And so a lawyer wants to test Jesus. He says: Teacher, what shall I do to inherit eternal life?

In answering this question, Jesus gives him a little test like a Sunday School teacher. He says: What is written in the law? How do you read it? In other words: Which passage in the bible do you think is most relevant to this question? How were you taught in Sunday School? How did you learn it in the catechism?

So the man replies: You shall love the Lord your God with all your heart and with all your soul and with all your strength and with all your mind, and your neighbour as yourself. Jesus replies: You have answered correctly; do this, and you will live.

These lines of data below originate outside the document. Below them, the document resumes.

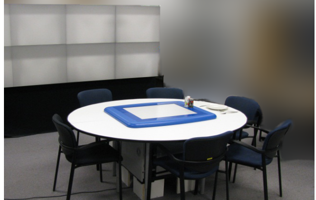
Figure 2. A general view of the LunchTable

The interface is implemented in C# on Windows 7 using WPF. Microsoft's Desktop Window Manager API is used to control windows on the large display as well as to replicate windows on the horizontal surface. Elements in the horizontal surface are implemented using the SMART Table SDK.
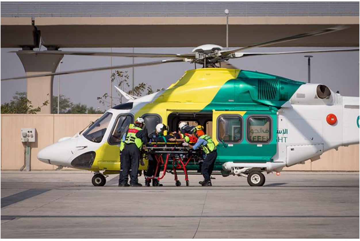
Picture 3: Live demonstration of HMC's helicopter emergency medical service capability.
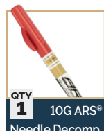
QTY 1 10G ARS® Needle Decomp.
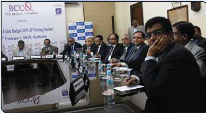
Interim Union Budget 2019-20 Viewing Session in progress

INTERIM UNION BUDGET 2019-20 VIEWING SESSION
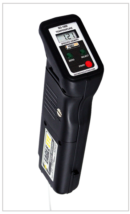
SG-1000 Battery Digital Hydrometer
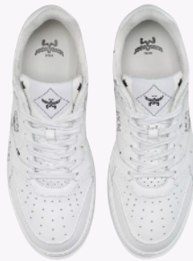
NEO TERRAIN SNEAKERS IN VISETOS SIZE : 37,38,39,41,42 THB 18,500 / NOW THB 7,400
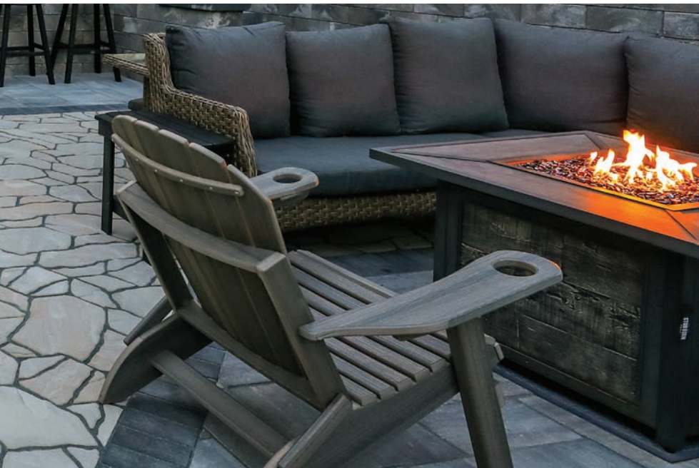
Destination Pavers in Intention, Grand Discover Pavers in Timeless, Elements Paving Stones (4x8) in Reflection, Tribute Smooth Retaining Wall System in Timeless
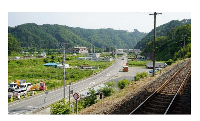
Google Earth view
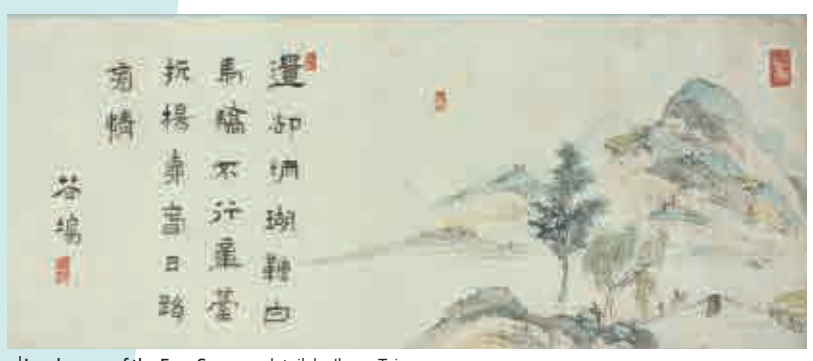
Landscapes of the Four Seasons, detail, by Ike no Taiga MOA Museum of Art
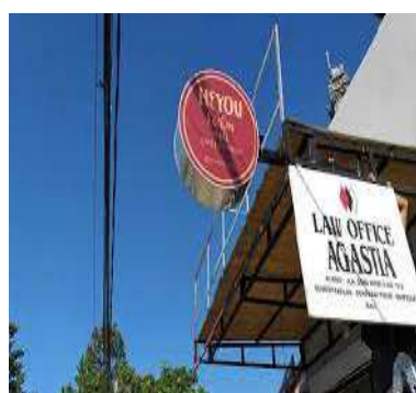
Figure 1 LL monolingual (English)
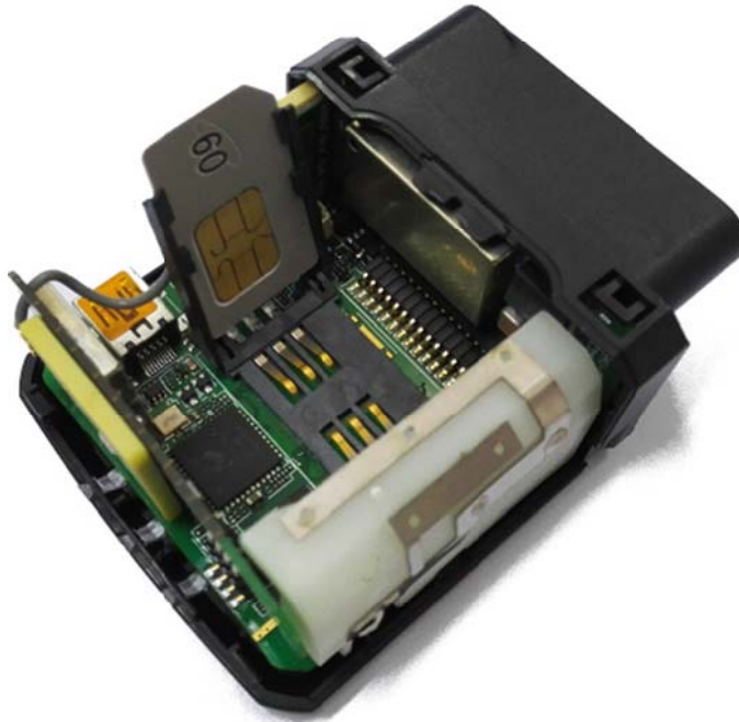
Figure 4. SIM Card Installation

Open the case and ensure the unit is not powered. Slide the holder right to open the SIM card. Insert the SIM card into the holder as shown below with the gold-colored contact area facing down taking care to align the cut mark. Close the SIM card holder. Close the case.
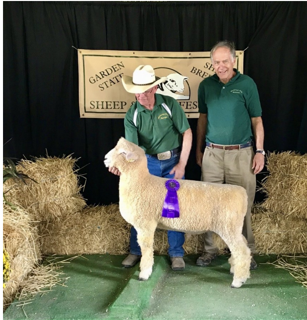
Anchorage Farm 1495 17Tw 2017 ARBA National Champion White Ewe
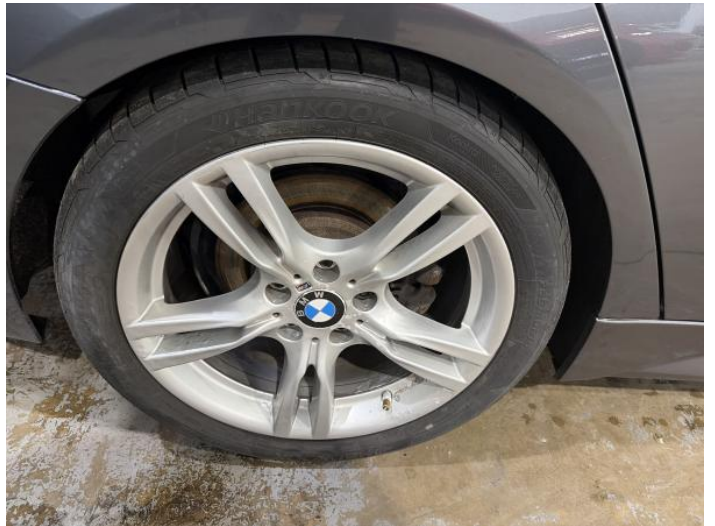
2: Wheel osr Corroded Light
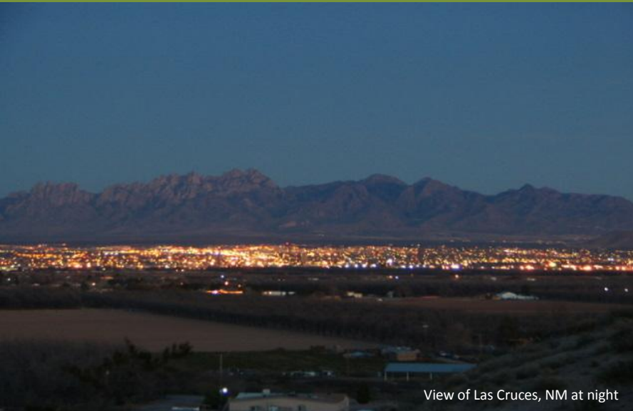
View of Las Cruces, NM at night

* Travel to New Mexico is May 9 – May 17, 2012
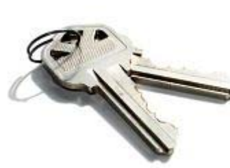
key 钥匙 [yào shi]

The lawyer is an expert in God’s law. Sometimes lawyers have the problem that they think that everything can be solved by legislation. But also a good lawyer is also someone who knows how to use the law properly and get out of it. If someone has to go to court, and the court case is a tricky one, or if it looks like the jury or the judge would give a hard sentence, the person might like to have a “good lawyer” in order to get them off the hook! They need a lawyer who is a good slippery fish who can get around all the corners of the law, and use the law to their advantage. They say things like: “Even though you’re innocent, you should plead guilty, because the judge thinks your guilty anyway, and you’re much more likely to get a lighter sentence if you just plead guilty.” There’s enough TV shows about courtrooms for us to understand the sort of thing I’m talking about.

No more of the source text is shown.